Data centers, AI computing, semiconductor fabs, electric vehicle manufacturing and advanced equipment industries are becoming major sources of electricity demand growth. These loads share several characteristics: large scale, high reliability requirements, fast load changes and high outage costs. Therefore, Transformer Selection for data centers and advanced manufacturing cannot simply follow the experience of ordinary industrial facilities.
In Electricity 2026, the IEA notes that electricity demand in advanced economies is accelerating after years of stagnation. U.S. electricity demand grew by 2.1% in 2025 and is projected to grow by nearly 2% annually through 2030, with around half of the increase driven by the rapid expansion of data centers. New demand sources such as AI, data centers, electric vehicles and advanced manufacturing are becoming structural drivers of electricity growth.
For such applications, reliability architecture is the first issue in transformer selection. Data centers usually require N+1, 2N or zoned redundant power supply. A single transformer failure should not interrupt critical loads. Selection should therefore not only calculate total capacity. It must also consider power supply architecture, backup capacity, switching logic and maintenance windows. For large data centers, a single large main transformer is not always the best option. Zoned supply and modular expansion often provide better maintainability and phased construction flexibility.
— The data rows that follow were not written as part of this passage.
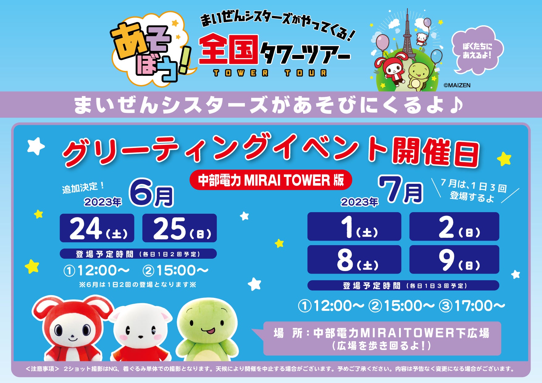 トラストトウキョウ株式会社(本社:東京都渋谷区)は中部電力MIRAI TOWERとまいぜんシスターズがコラボする『あそぼう!まいぜんシスターズがやってくる!〜全国タワーツアー』in 中部電力MIRAI TOWERを開催いたします。
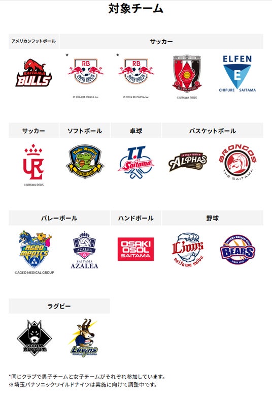 ※埼玉パナソニックワイルドナイツは実施に向けて調整中です。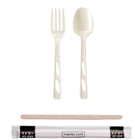 <フォーク:一部店舗で生分解性プラスチック製フォークを取り扱い>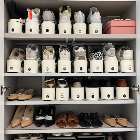이것은 일반 여성용 단화, 신발에 맞는 신발 정리대입니다.일반 운동화는 힘듭니다.이것은 높낮이 조절이 가능했습니다얘는 운동화도 할 수 있는 크기인데 높이 조절이 안 돼서 일단 두 켤레만 구입해 봤다미끄럼방지 패드가 있어서 위 사진처럼 신발이 흘러내리지 않게 꽂을 수 있어서 이게 마음에 들어요윗칸에는 신발 한 켤레밖에 놓여있지 않은 상황 ㅋㅋㅋ 다른 한칸은 다른칸에 있어서 정리가 필요해요헤헤 신발정리대를 놓았더니 깔끔하게 2켤레를 넣을 수 있었습니다.그리고 위 칸을 정리하고 싶었어요!짠! 나머지 3개 신발 정리대로 정리 완료!총 4켤레가 들어있었는데 신발 정리대에서 한 켤레 더 넣을 수 있었어요!신발장 공간이 부족하신 분들은 신발정리대를 정말 추천드려요!!!신발 안신는건 버려야하는데 신을것같아서 일단 정리만 하기로 ㅋㅋ 일단 정리대를 사보고 크기가 안맞으면 다른사이즈로 사보려고 했는데 흰색은 여성용 단화나 신발에 잘맞고 회색은 일반사이즈 신발에도 잘맞더라구요!~(그래도 사이즈 비교 꼭 해보세요!) 또 회색은 높이조절이 안되서 걱정했는데 저희 신발장에 잘맞아서 다행이에요. 🙂 몇개 더 구입해서 운동화도 정리하려고요~!만족스러운 다이소 슈즈 정리대 리뷰 종료 ★짠! 나머지 3개 신발 정리대로 정리 완료!총 4켤레가 들어있었는데 신발 정리대에서 한 켤레 더 넣을 수 있었어요!신발장 공간이 부족하신 분들은 신발정리대를 정말 추천드려요!!!신발 안신는건 버려야하는데 신을것같아서 일단 정리만 하기로 ㅋㅋ 일단 정리대를 사보고 크기가 안맞으면 다른사이즈로 사보려고 했는데 흰색은 여성용 단화나 신발에 잘맞고 회색은 일반사이즈 신발에도 잘맞더라구요!~(그래도 사이즈 비교 꼭 해보세요!) 또 회색은 높이조절이 안되서 걱정했는데 저희 신발장에 잘맞아서 다행이에요. 🙂 몇개 더 구입해서 운동화도 정리하려고요~!만족스러운 다이소 슈즈 정리대 리뷰 종료 ★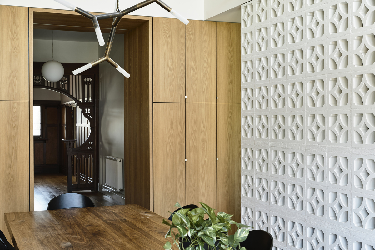 A decorative breeze block wall was located between the living and dining space to create spatial separation. The breeze block wall, which subtly references the timber detailing patterns from the existing hallway, filters light and sight lines between the kitchen-dining and family room.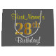 Elegant, Grey, Faux Gold 28th Birthday + Name Large Gift Bag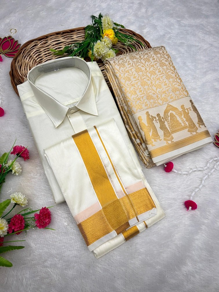 Style: Shirt, Dhoti and Saree | Material: Art Silk (Couple Combo)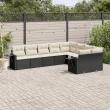 vidaXL Vrtna sedežna garnitura 9-delna z blazinami črn poli ratan
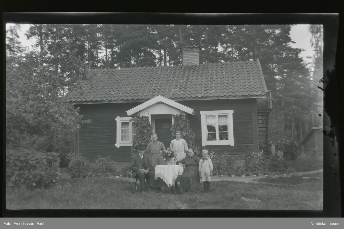 En familj poserar framför sitt hus, det äldre paret sitter vid ett litet bord med duk och blommor i vas.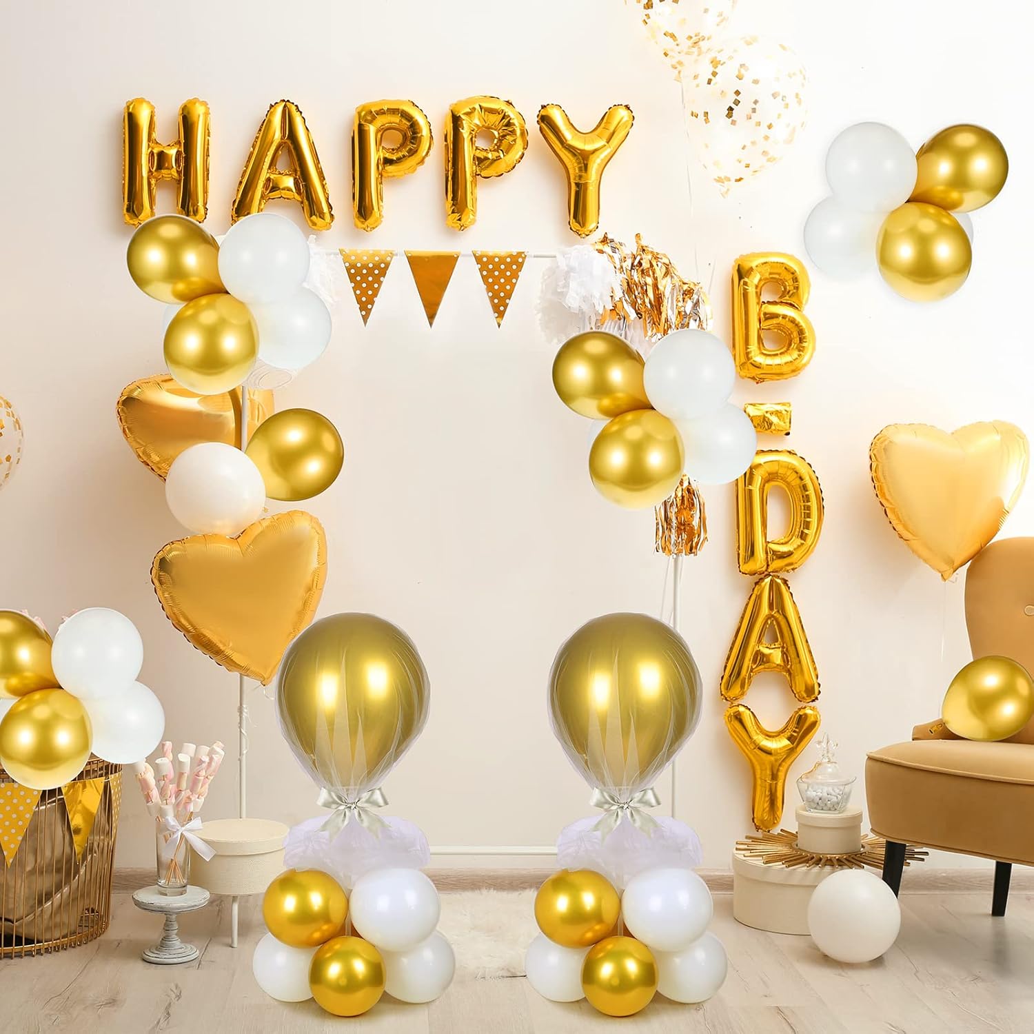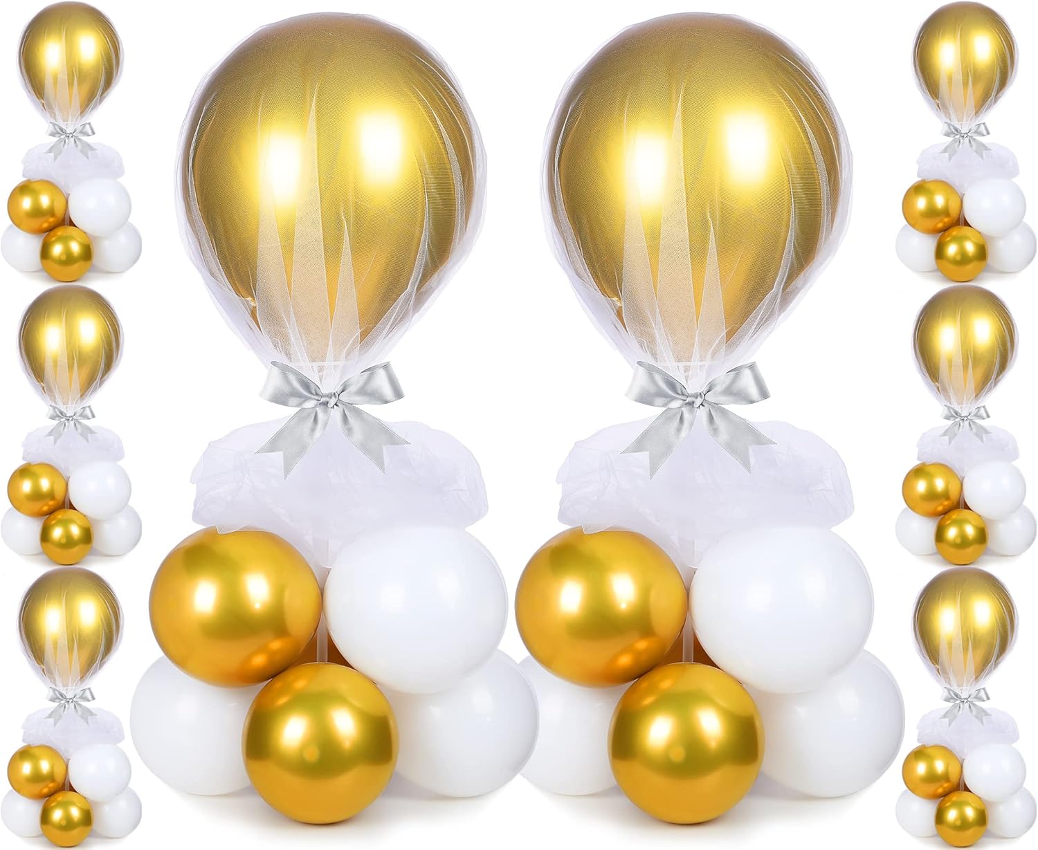 - What You Get: you'll receive a nice value balloon pack that includes 8 reusable tabletop balloon sticks, 8 balloon flower bases, 16 round snaps, 8 white gauze covers, 8 balloon fixed holders, 72 pieces of 5 inch latex balloons (36 white and 36 gold), 8 pieces of 12 inch gold latex balloons and 8 pieces white thick ribbons

Load characteristics are equally important. AI servers and high-performance computing equipment may create rapid power variations, while cooling systems add seasonal and short-term load fluctuations. In advanced manufacturing, variable-frequency drives, rectifiers, welding equipment and large motors may generate harmonics, inrush current and unbalanced loads. Transformer Selection must be based on real load models and should evaluate short-term overload capability, impedance, voltage variation, harmonic losses and temperature-rise control.
Energy efficiency should be treated as an operating-cost issue, not merely an environmental slogan. Data centers and factories often operate at high load for long hours, and transformer losses directly become electricity costs and additional cooling load. The U.S. Department of Energy’s 2024 distribution transformer efficiency standards are expected to save utilities and commercial and industrial entities USD 824 million per year in electricity costs, showing the direct economic value of high-efficiency transformers in large-load scenarios.
For data center and advanced manufacturing projects, four tasks should be completed during Transformer Selection: build a multi-year load growth model, conduct harmonic and power quality studies, compare loss costs under different capacity combinations, and secure delivery schedules and spare strategies early. A transformer is not a late-stage procurement item. It is a key node that determines power availability, construction schedule and operating cost.